Mine refuse to eat it.


----------



## Mammyjuls (Aug 12, 2015)

Yes mean water cress but thats not all i am goi g to feed the tortise i have grow quite a few diffrent thinhs and have checked them on that table thing so i know they fine for tortise to eat also got diffrent types of grass growning as well so the tortise will have a nice veried diet


----------



## Careym13 (Aug 12, 2015)

Mine hate it too...I've tried many times and they always avoid it.


----------



## Mammyjuls (Aug 12, 2015)

Ohh well it will not hurt giving it a try and then I will find out if the tortise likes it or not


----------



## johnandjade (Aug 12, 2015)

our hermanns wil eat it no problem


----------



## johnandjade (Aug 12, 2015)

View attachment ImageUploadedByTortoise Forum1439399277.871067.jpg


caught in the act lol


----------



## Mammyjuls (Aug 12, 2015)

Or good so not all tortises don't like it so hopefully mine will like it as well


----------



## ZEROPILOT (Aug 12, 2015)

Mammyjuls said:


> Or good so not all tortises don't like it so hopefully mine will like it as well


Different species prefer different things. But to make things even more difficult, tortoises of the same species will disagree on what is good to eat.
I have a list at home of what is edible for my Redfoot clan and they actually wont touch about 40% of the listed plants.
You simply HAVE to try and see what what work for you.


----------



## Mammyjuls (Aug 12, 2015)

Yes that's what I will do feed diffrent things and find out what it likes


----------



## Mammyjuls (Aug 12, 2015)

Going to name it olaf of frozen as my little boy loves frozen and because the tortise will be to young to be able to tell the sex of it


----------



## ZEROPILOT (Aug 12, 2015)

Mammyjuls said:


> Going to name it olaf of frozen as my little boy loves frozen and because the tortise will be to young to be able to tell the sex of it


I have a female named Julio. Once it's named it's too late.


----------



## Mammyjuls (Aug 12, 2015)

I am finding it hard to think of unisex names for my tortise has anyone got any ideas


----------



## ZEROPILOT (Aug 12, 2015)

It's O.K.
Tortoises don't get embarrassed.


----------



## Mammyjuls (Aug 12, 2015)

Hi dos anyone have a list of what kind os cactus tortise can eat and were in uk i can get them please


----------



## ZEROPILOT (Aug 12, 2015)

@Anyfoot just got some from Spain to the U.K.
Maybe he knows of a local place, too?
He's in Sheffield.


----------



## Mammyjuls (Aug 12, 2015)

Ok thank you i will ask him


----------



## Ariza (Aug 15, 2015)

ZEROPILOT said:


> tortoises of the same species will disagree on what is good to eat.
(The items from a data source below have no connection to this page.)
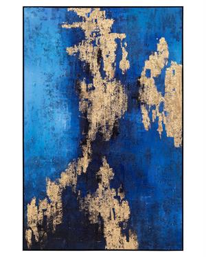 This highly textural piece by artist Bevis features brilliant tones of blue highlighted by dazzling metallic gold. The artwork is surrounded by a black floater molding.
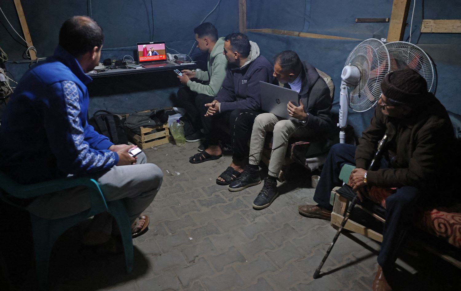 People watch the live broadcast of a press conference being addressed by Qatar’s prime minister inside a tent in Khan Yunis in the Gaza Strip on January 15, 2025. Photo: Bashar Taleb/AFP
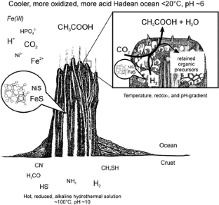 Russell MJ, Daia DE, Hall AJ (1998) The emergence of life from FeS bubbles at alkaline hot springs in an acid ocean. In: Wiegel J, Adams MWW (eds), Thermophiles: The keys to molecular evolution and the origin of life. Taylor & Francis, Washington, pp 77–126
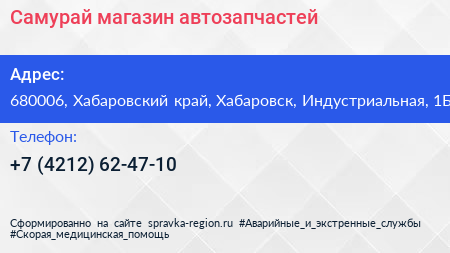 Самурай, магазин автозапчастей по адресу 680006, Хабаровский край, Хабаровск, Индустриальная, 1Б в дальнейшем Организация, размещена в следующих категориях:
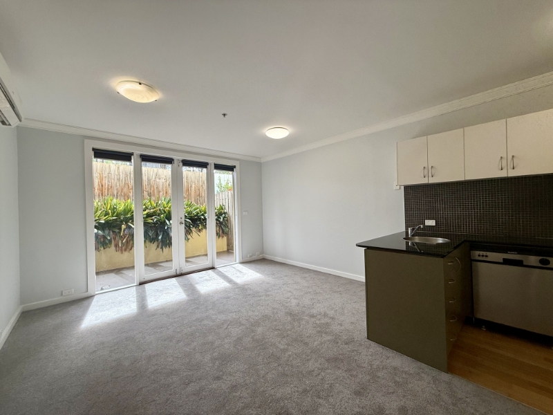 In a low-level building with a stylish façade, this ground floor 1 bedroom apartment is situated in prime location with walking distance to public transport - Glen Huntly Train station, Trams to Elsternwick & Carnegie & local amenities such as Woolworths and cafes/ restaurants. The apartment has been freshly painted and features new plush carpet throughout. Featuring a generous sized open plan living/meals area with split system heating/cooling and a study nook with built in desk. Living room opens to French doors revealing a supremely private undercover paved courtyard, perfect for year-round alfresco entertaining. The contemporary kitchen features black granite benchtops, stainless steel Blanco appliances, ample storage space, gas stovetop and dishwasher. Double bedroom with wall – wall built in robes, electric panel heater and doors which open to a sunny communal courtyard. Central bathroom with a walk-in shower, heat lights and an adjacent Euro laundry. Additional features include one secure basement car spot with convenient lift access, communal bike storage and secure access via fob/intercom.

LOL Just like people. I love brussell sprouts and most people hate them. I also used to love liver back in my meat-eating days. And Ariza is supposed to like grass but she'll walk right by a grass patch and not eat. We're all unique individuals.


----------



## Mammyjuls (Aug 15, 2015)

Yes well flash keeps having little nibbles at it but he dos not seam overly impressed with it lol


----------



## Lyn W (Aug 15, 2015)

Mammyjuls said:


> Yes that's what I will do feed diffrent things and find out what it likes


Is there a list of foods on the caresheet? That should be a good starting point for your Greek Juls, then add different things as you go.


----------



## Mammyjuls (Aug 15, 2015)

Yes I have read it and got some of then things and also grow a lot of diffrent things must of them will be ready next week but in the mean time been buying some things and going out getting weeks and things when I am walking the dog I am feeding him more than water cress I have been feeding him a few things


----------